- _What the task requires_
Everything in the listing below needs restating exactly, apart from the pictures.

(Data below Opens)

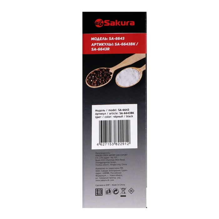 Мельница электрическая Sakura SA-6643BK, подсветка, чёрная
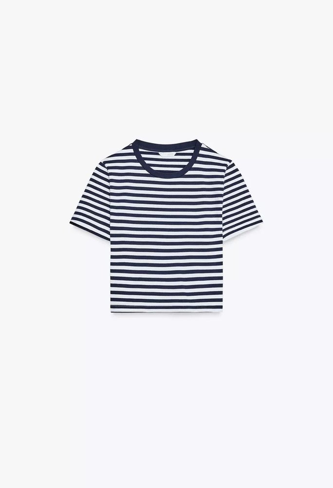 %100 pamuk Kadınlar için kısa kollu, yuvarlak yakalı, pamuklu ve vücuda oturan kesime sahip. Hafif lacivert çizgili deseniyle rahat sokak stili için uygun.
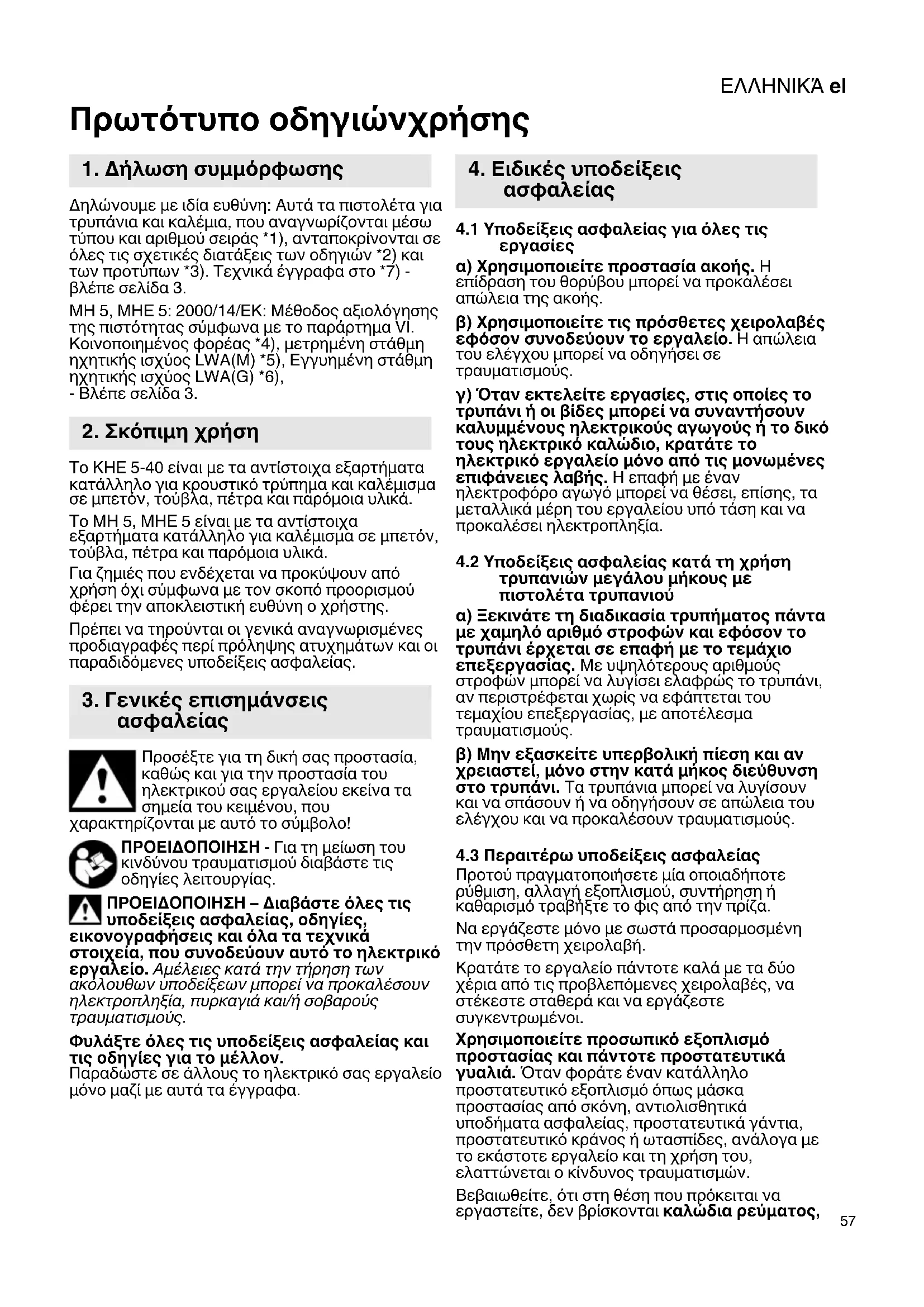 Σε πεπιπωση συνεχούς λειτουργίας Σεργαλείο εξακολουθείνα λειτουργείν, av σας Σεφύγει αὐτο τόχερι. Γ' autó va κρατάτε Σεργαλείο πάντοτε καλά με τα δύοχερia anó τό Σποβλεπόμενες χειρολαβές, va στέκεοτε Σταθερά και εργαζεστέ συγκεντρωμένοι.

(Data below Closes)

- _Result of the exercise_
 Мельница электрическая Sakura SA-6643BK, подсветка, чёрная
 %100 pamuk Kadınlar için kısa kollu, yuvarlak yakalı, pamuklu ve vücuda oturan kesime sahip. Hafif lacivert çizgili deseniyle rahat sokak stili için uygun.
 Σε πεπιπωση συνεχούς λειτουργίας Σεργαλείο εξακολουθείνα λειτουργείν, av σας Σεφύγει αὐτο τόχερι. Γ' autó va κρατάτε Σεργαλείο πάντοτε καλά με τα δύοχερia anó τό Σποβλεπόμενες χειρολαβές, va στέκεοτε Σταθερά και εργαζεστέ συγκεντρωμένοι.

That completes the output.